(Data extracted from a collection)
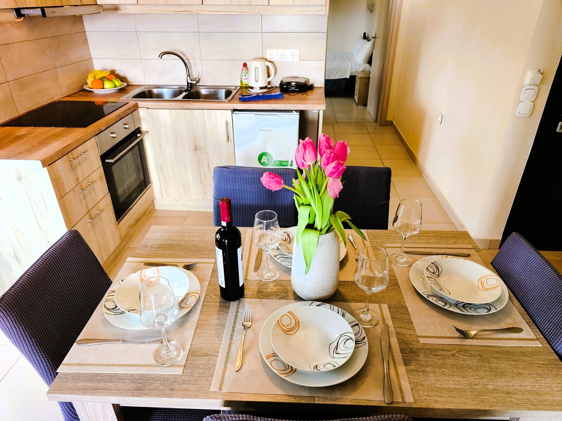 Inside, you will find a cosy living area with a Smart TV, fast internet access, and a dining table comfortably seating up to four guests. The well‑equipped kitchen provides everything you need to prepare meals with ease. The apartment is fully air‑conditioned throughout to ensure your comfort during warmer days.
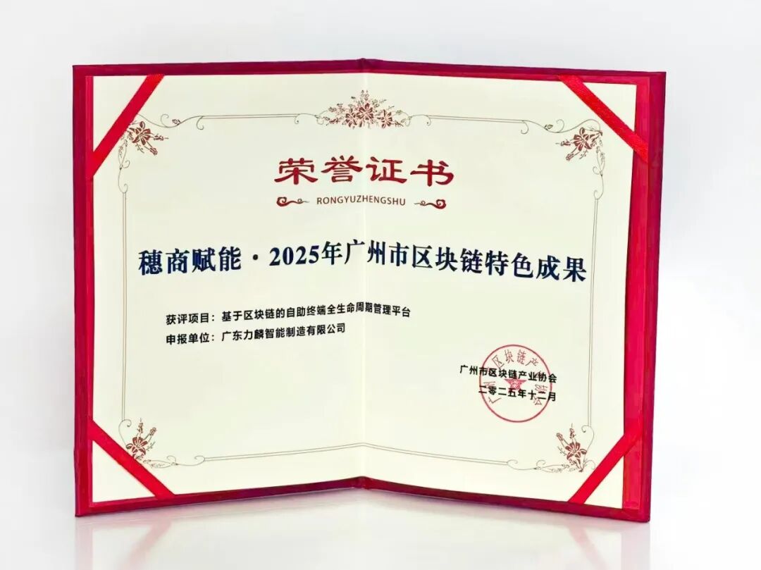 力麒集团旗下核心企业广东力麟智能制造有限公司“基于区块链的自助终端全生命周期管理平台”获评“穗商赋能·2025年广州市区块链特色成果”。此次多项荣誉的获得,是对力麒智能在人工智能与数字化领域持续投入与实践成果的肯定。力麒智能将继续专注技术研发与产品优化,踏实服务好客户与行业伙伴,为大湾区数字经济的务实发展贡献自身力量。
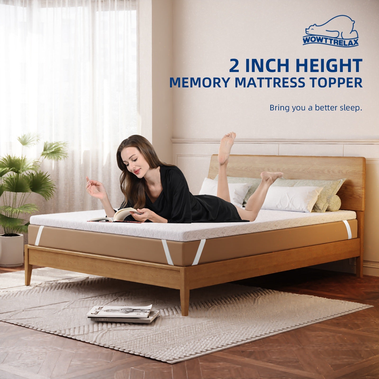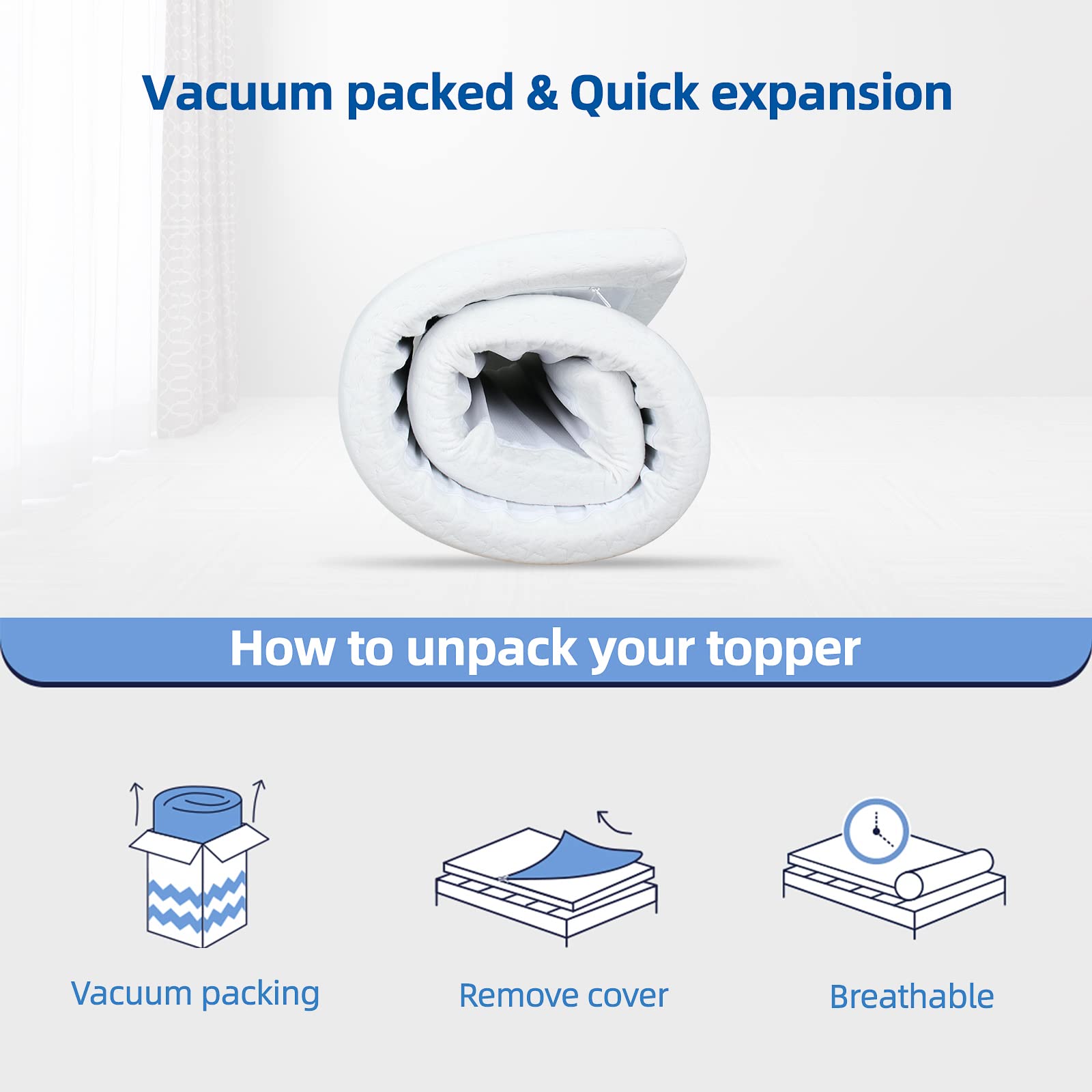 Our Mattress Topper features double-layer design, with a combination of 2cm gel memory foam and 3cm high density foam, which not only has the effect of thermal regulation, allowing to adjust the temperature of the human body during sleep to create a comfortable sleep for the body all night, but also is characterized by slow rebound, helping to release pressure and adapt to the human body.
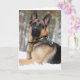 German Shepherd dog posing in the snow wearing a camoflaug coloured bandana.
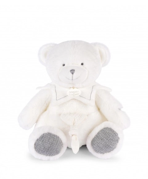 Een schattige DOUDOU cadeauset met een pluchen beertje en een superzacht dekentje geeft kinderen vanaf de geboorte een gevoel van veiligheid en helpt bij het rustig in slaap vallen. Zacht premium materiaal, subtiele neutrale kleuren en de praktische mogelijkheid om het dekentje in het buikje van het beertje op te bergen maken dit de ideale gift voor een geboorte of doop. Inclusief een elegante geschenkdoos.
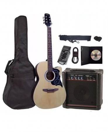 PACK DE GUITARRA ELECTROACÚSTICA MARCA STRING CON AMPLIFICADOR
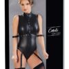 Amortyzator w czarnym, elastycznym, matowym kolorze z metalowymi akcesoriami. Na piersi suwaki, przód ozdobiony ćwiekami. W każdym przypadku boczna pętla na ramię z zapięciem na rzep. Suwak z tyłu. Dwukierunkowy zamek błyskawiczny przechodzi przez krocze. Pas biodrowy regulowany i zdejmowany. 90% poliestru, 10% spandexu. Bez pończoch.
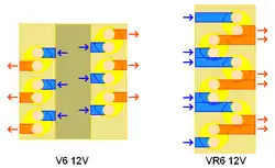 El VR6 fue específicamente diseñado para motores instalados transversalemente en coches con tracción delantera. Usando un ángulo estrecho de 15° entre las bancadas en un VR6, es posible instalar un motor de seis cilindros en el vano motor de cuatro cilindros de los coches existentes de Volkswagen. Un motor V6 convencional puede requerir alargar los vehículos para dar lugar al nuevo motor, más ancho. El VR6 puede utilizar el orden de encendido de un motor de seis cilindros en línea, dando como resultado, un funcionamiento igual de suave.[1]
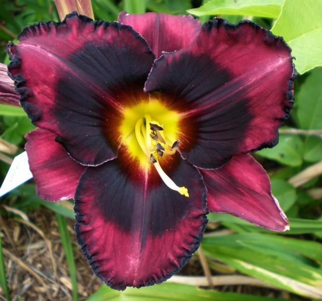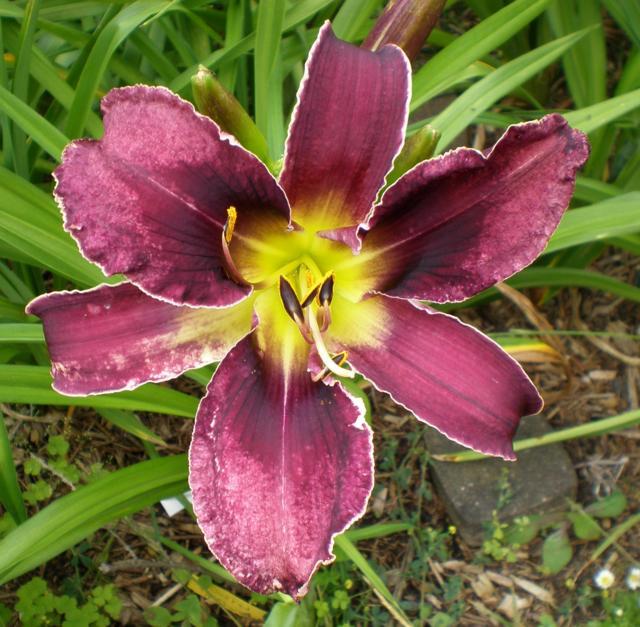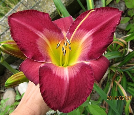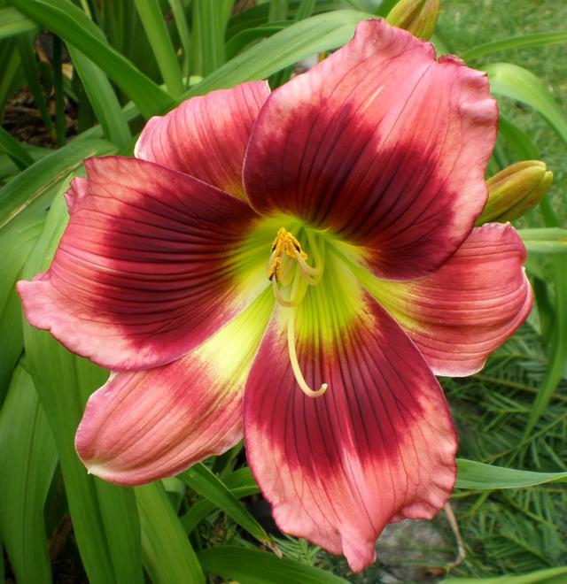 Strawberry Jazz ist eine sehr frühe Sorte - heuer neu und noch nicht akklimatisiert blüht sie erst jetzt. Die beiden unterschiedlichen Rottöne der Blütenblätter und des Auges kann meine Kamera leider nicht wirklich abbilden:
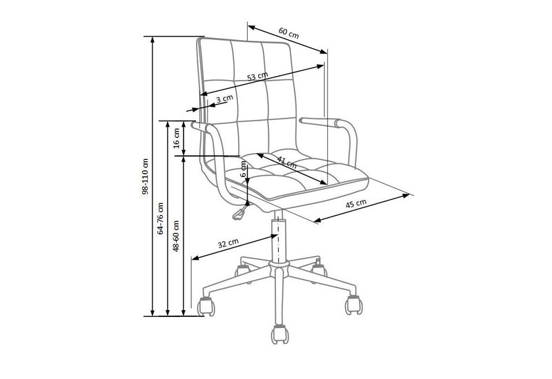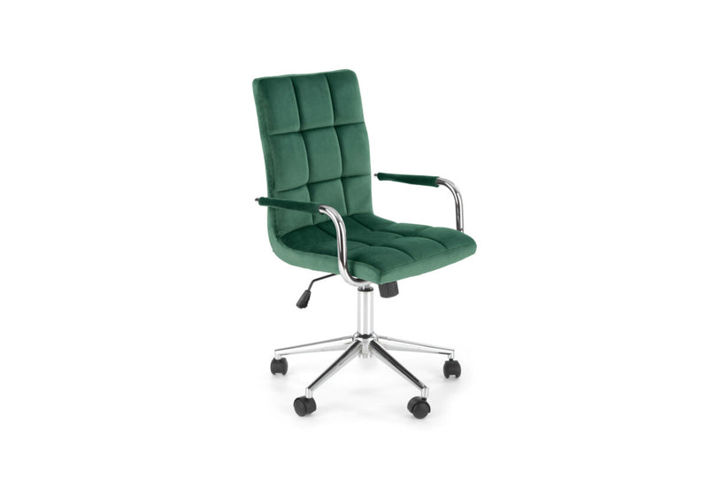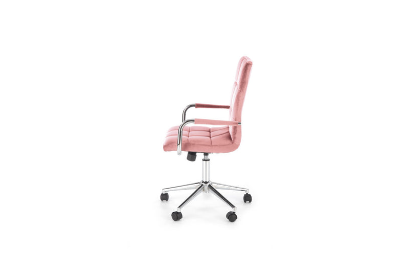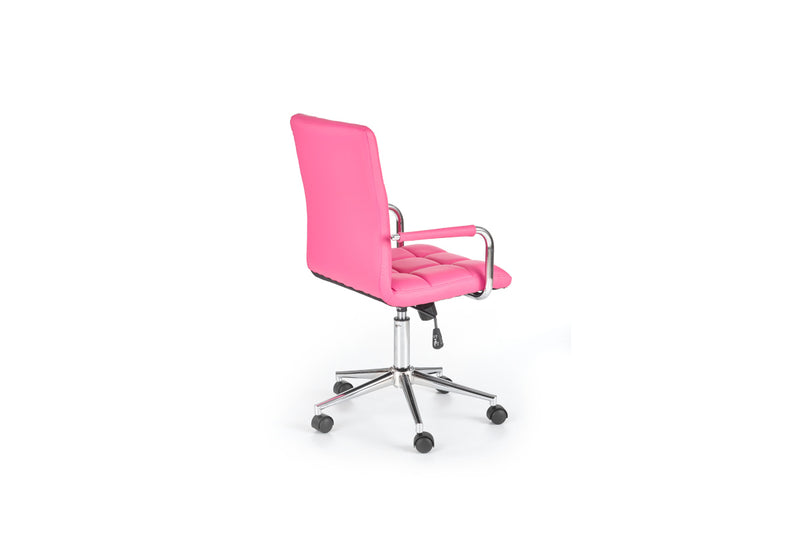 Detská stolička ADONIRA. Kvalitné čalúnenie sedáku i operadla ponúka komfort pri sedení. Tvarovaná opierka zaistí prirodzené držanie tela. Stojí na pevnej kovovej konštrukcii s piatimi plastovými kolieskami. Vďaka ovládaciemu mechanizmu TILT je možné ľahko upraviť výšku sedacej plochy a polohu operadla podľa potreby. Súčasťou sú pohodlné podrúčky. Stoličku zdobí dizajnové prešívanie v modernom štýle. Možnosť výberu poťahovej látky a farby.
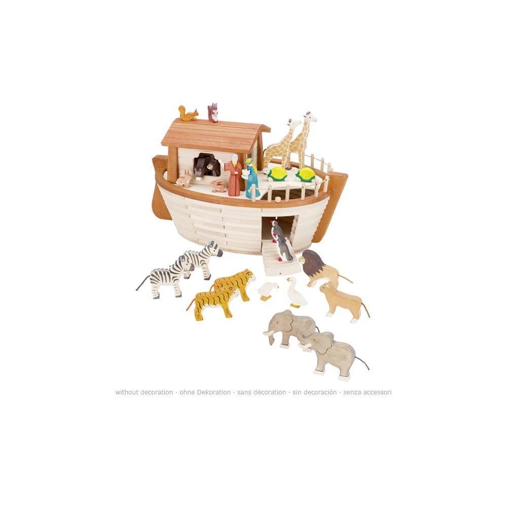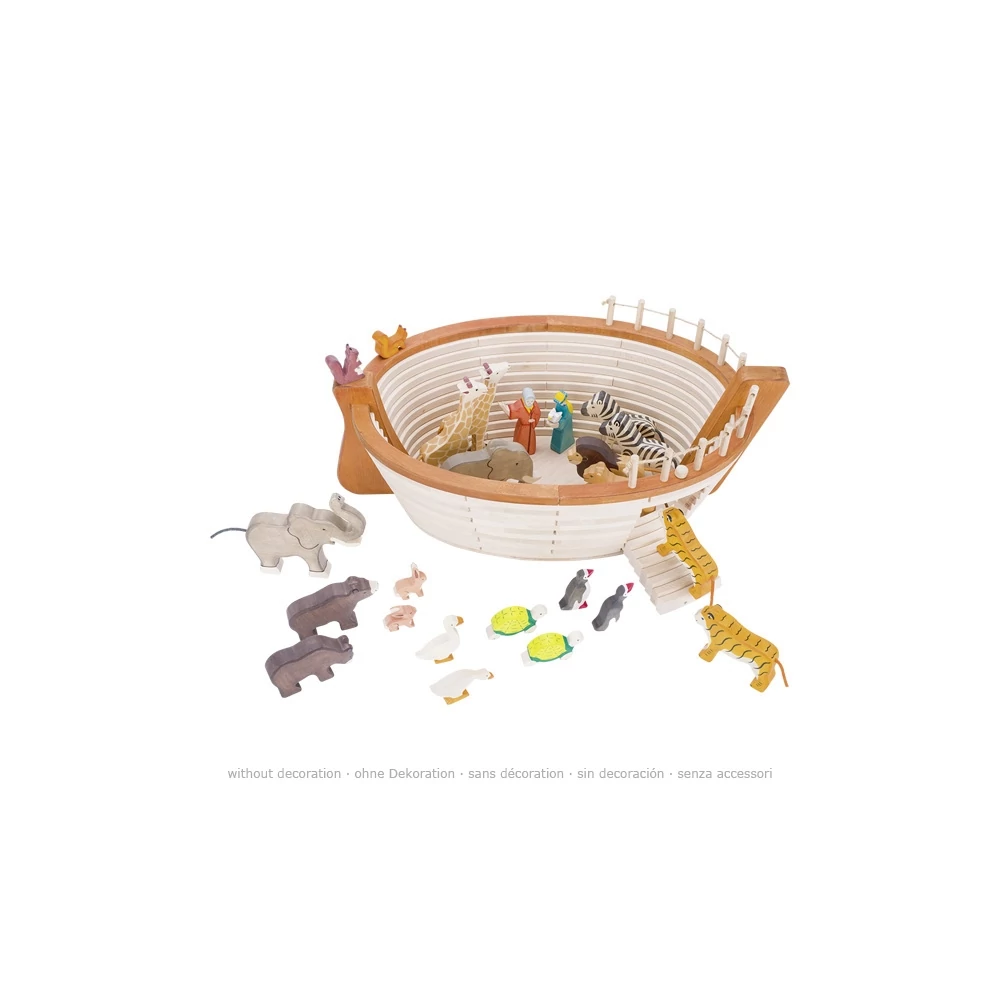 Mindenki ismeri a bibliai vízözön történetét? Ezzel a nagy méretű, igényesen elkészített bárkával előadható Noé és az állatok meséje. A bárkába beletehetők a HOLZTIGER fa figurák, elférnek mindannyian. Noé feladata az volt, hogy megépítse a bárkát, majd felvigye rá az állatokat. A kis óvodások feladata pedig, hogy ezzel a fajátékkal bemutassák a történetet, s közben fantáziájuk segítségével kiegészítsék azt.
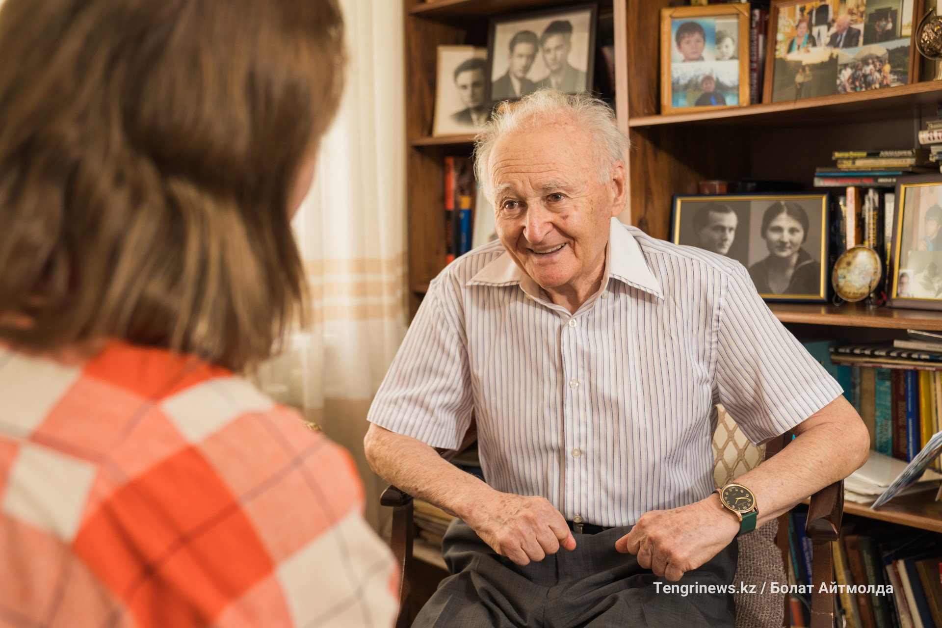 Журналист Оксана Акулова беседует с Михаилом Ефимовичем Зельцером. Фото: ©️ Tengrinews.kz / Болат Айтмолда
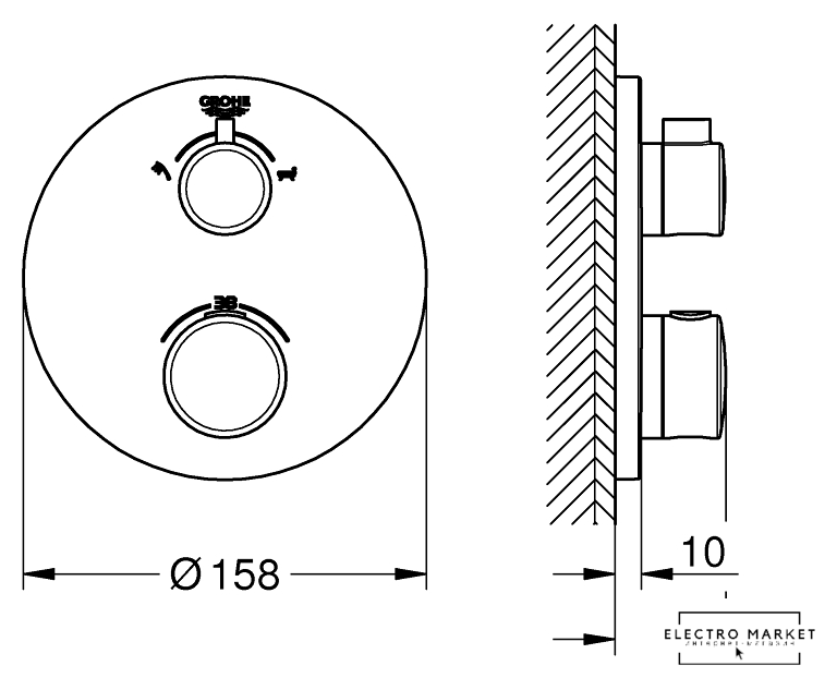 однорычажный смеситель для ванны и душа, монтаж на стену

- INSTRUCTIONS TO FOLLOW:
Every line above should be duplicated exactly; the pictures are to be left out.

- EXERCISE SOLUTION:
 Inside, you will find a cosy living area with a Smart TV, fast internet access, and a dining table comfortably seating up to four guests. The well‑equipped kitchen provides everything you need to prepare meals with ease. The apartment is fully air‑conditioned throughout to ensure your comfort during warmer days.
 力麒集团旗下核心企业广东力麟智能制造有限公司“基于区块链的自助终端全生命周期管理平台”获评“穗商赋能·2025年广州市区块链特色成果”。此次多项荣誉的获得,是对力麒智能在人工智能与数字化领域持续投入与实践成果的肯定。力麒智能将继续专注技术研发与产品优化,踏实服务好客户与行业伙伴,为大湾区数字经济的务实发展贡献自身力量。
 Our Mattress Topper features double-layer design, with a combination of 2cm gel memory foam and 3cm high density foam, which not only has the effect of thermal regulation, allowing to adjust the temperature of the human body during sleep to create a comfortable sleep for the body all night, but also is characterized by slow rebound, helping to release pressure and adapt to the human body.
 German Shepherd dog posing in the snow wearing a camoflaug coloured bandana.
 Een schattige DOUDOU cadeauset met een pluchen beertje en een superzacht dekentje geeft kinderen vanaf de geboorte een gevoel van veiligheid en helpt bij het rustig in slaap vallen. Zacht premium materiaal, subtiele neutrale kleuren en de praktische mogelijkheid om het dekentje in het buikje van het beertje op te bergen maken dit de ideale gift voor een geboorte of doop. Inclusief een elegante geschenkdoos.
 PACK DE GUITARRA ELECTROACÚSTICA MARCA STRING CON AMPLIFICADOR
 Amortyzator w czarnym, elastycznym, matowym kolorze z metalowymi akcesoriami. Na piersi suwaki, przód ozdobiony ćwiekami. W każdym przypadku boczna pętla na ramię z zapięciem na rzep. Suwak z tyłu. Dwukierunkowy zamek błyskawiczny przechodzi przez krocze. Pas biodrowy regulowany i zdejmowany. 90% poliestru, 10% spandexu. Bez pończoch.
 El VR6 fue específicamente diseñado para motores instalados transversalemente en coches con tracción delantera. Usando un ángulo estrecho de 15° entre las bancadas en un VR6, es posible instalar un motor de seis cilindros en el vano motor de cuatro cilindros de los coches existentes de Volkswagen. Un motor V6 convencional puede requerir alargar los vehículos para dar lugar al nuevo motor, más ancho. El VR6 puede utilizar el orden de encendido de un motor de seis cilindros en línea, dando como resultado, un funcionamiento igual de suave.[1]
 Strawberry Jazz ist eine sehr frühe Sorte - heuer neu und noch nicht akklimatisiert blüht sie erst jetzt. Die beiden unterschiedlichen Rottöne der Blütenblätter und des Auges kann meine Kamera leider nicht wirklich abbilden:
 Detská stolička ADONIRA. Kvalitné čalúnenie sedáku i operadla ponúka komfort pri sedení. Tvarovaná opierka zaistí prirodzené držanie tela. Stojí na pevnej kovovej konštrukcii s piatimi plastovými kolieskami. Vďaka ovládaciemu mechanizmu TILT je možné ľahko upraviť výšku sedacej plochy a polohu operadla podľa potreby. Súčasťou sú pohodlné podrúčky. Stoličku zdobí dizajnové prešívanie v modernom štýle. Možnosť výberu poťahovej látky a farby.
 Mindenki ismeri a bibliai vízözön történetét? Ezzel a nagy méretű, igényesen elkészített bárkával előadható Noé és az állatok meséje. A bárkába beletehetők a HOLZTIGER fa figurák, elférnek mindannyian. Noé feladata az volt, hogy megépítse a bárkát, majd felvigye rá az állatokat. A kis óvodások feladata pedig, hogy ezzel a fajátékkal bemutassák a történetet, s közben fantáziájuk segítségével kiegészítsék azt.
 Журналист Оксана Акулова беседует с Михаилом Ефимовичем Зельцером. Фото: ©️ Tengrinews.kz / Болат Айтмолда
 однорычажный смеситель для ванны и душа, монтаж на стену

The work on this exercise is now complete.